Exercise »
When the line containing "Again apologies for" is found in the data below, give it again along with every later line, exactly; drop the pictures.

Material provided »

++++++++++++++++++++

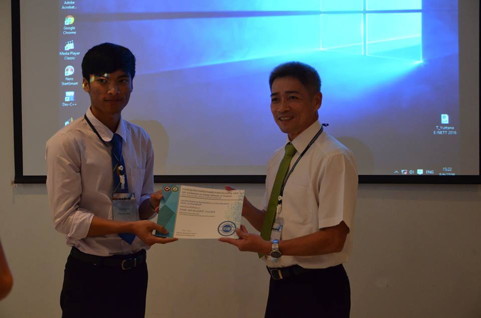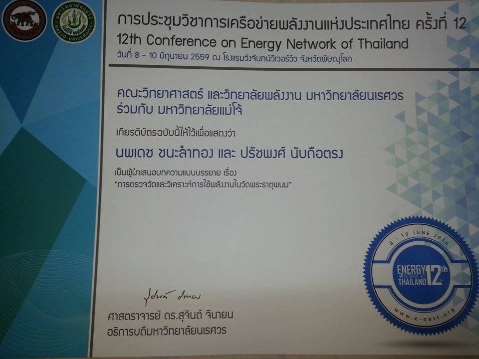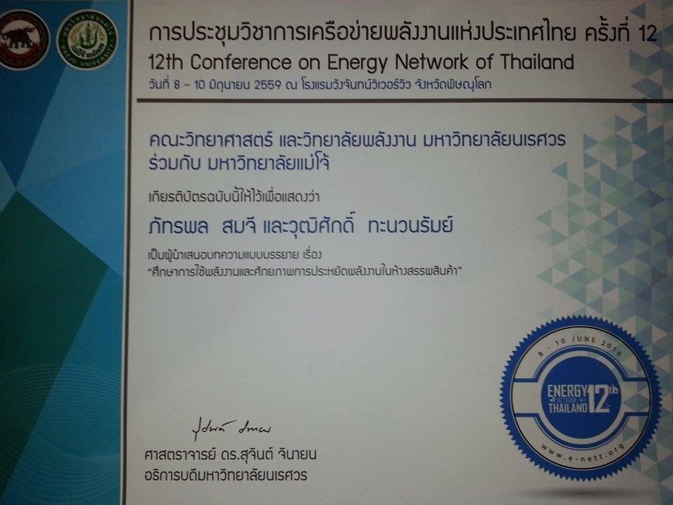 การประชุมวิชาการเครือข่ายพลังงานแห่งประเทศไทยครั้งที่ 12 การนำเสนอผลงานวิชาการในเวทีการประชุมวิชาการเครือข่ายพลังงานแห่งประเทศไทยครั้งที่ 12 ณ โรงแรมวังจันทร์ริเวอร์วิว จังหวัดพิษณุโลก 8-10 มิถุนายน 2559 มีผลงานนักศึกษา 2 ผลงานประกอบด้วย1.นายภัทรพล สมจี ในผลงานวิจัยเรื่อง การศึกษาการใช้พลังงานและศักยภาพการประหยัดพลังงานในห้างสรรพสินค้า2.นายนพเดช ชนะลำทอง ในผลงานวิจัยเรื่อง การตรวจวัดและวิเคราะห์การใช้พลังงานในวัดพระธาตุพนม
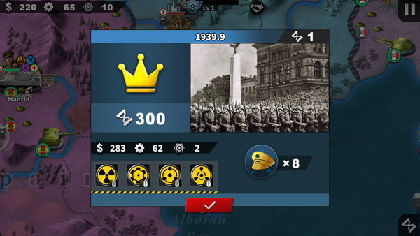 2、合理布置军队,进行行动,研究新的科技,解锁各种地标建筑,提高各个部队的战斗力。
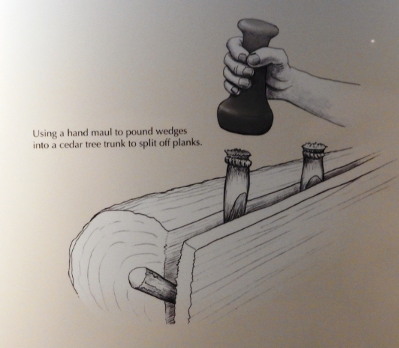 Again apologies for the potato-quality pictures from my phone. There’s a stone bowl to the right, and some spherical stones to the rear which, unless convinced otherwise, I’m going to suggest are natural, possibly concretions. There’s a variety of handmauls in the vase, apparently from both Marpole (nipple-top) and Strait of Georgia (flat top) time periods. These artifacts, all of which here are broken, were probably mainly used as a hand-hammer to drive chisels and wedges in the advanced and essential woodworking tradition of the coast. One of them, appropriately near the rear, is of the fairly and irresistible phallic genre. [editor: google your own]. Another has concentric rings. Here’s an image of more, from the Hilary Stewart obituary post. Below is an illustration of the use of a handmaul, bizarrely from the DailyKos site which I thought was just political blow-harding, but the page in question has a lot of pictures of NW Coast woodworking tools.
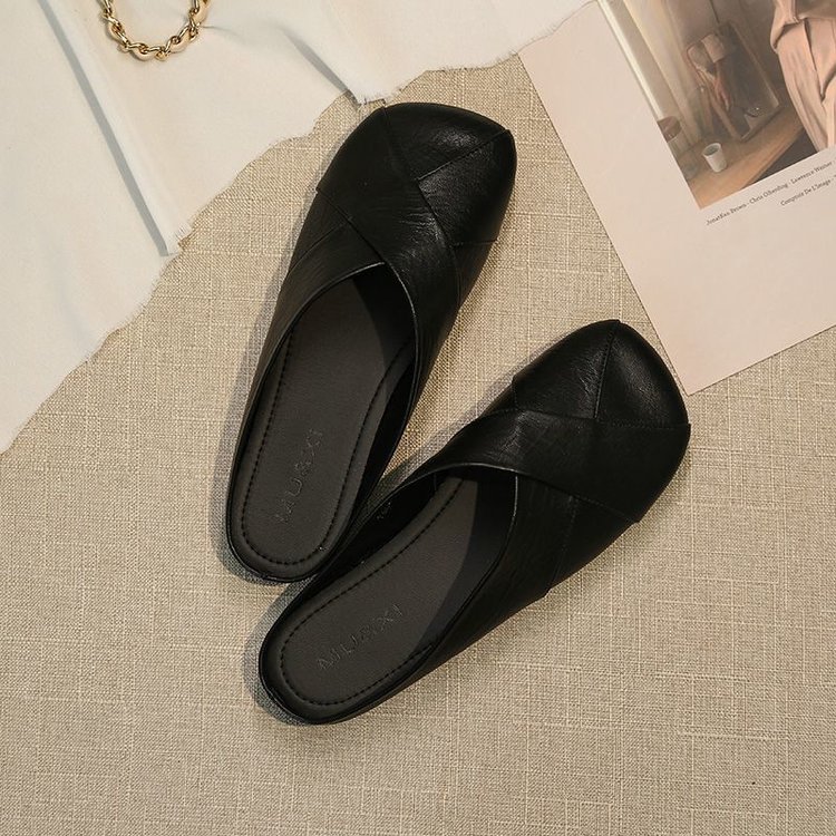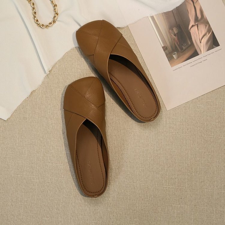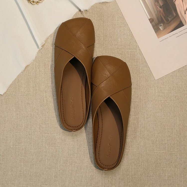 回力洞法式包头拖鞋女士夏季外穿平底包头脚蹬穆勒裙子2025懒人新款凉拖 咖啡色 40

++++++++++++++++++++

Reply »
 Again apologies for the potato-quality pictures from my phone. There’s a stone bowl to the right, and some spherical stones to the rear which, unless convinced otherwise, I’m going to suggest are natural, possibly concretions. There’s a variety of handmauls in the vase, apparently from both Marpole (nipple-top) and Strait of Georgia (flat top) time periods. These artifacts, all of which here are broken, were probably mainly used as a hand-hammer to drive chisels and wedges in the advanced and essential woodworking tradition of the coast. One of them, appropriately near the rear, is of the fairly and irresistible phallic genre. [editor: google your own]. Another has concentric rings. Here’s an image of more, from the Hilary Stewart obituary post. Below is an illustration of the use of a handmaul, bizarrely from the DailyKos site which I thought was just political blow-harding, but the page in question has a lot of pictures of NW Coast woodworking tools.
 回力洞法式包头拖鞋女士夏季外穿平底包头脚蹬穆勒裙子2025懒人新款凉拖 咖啡色 40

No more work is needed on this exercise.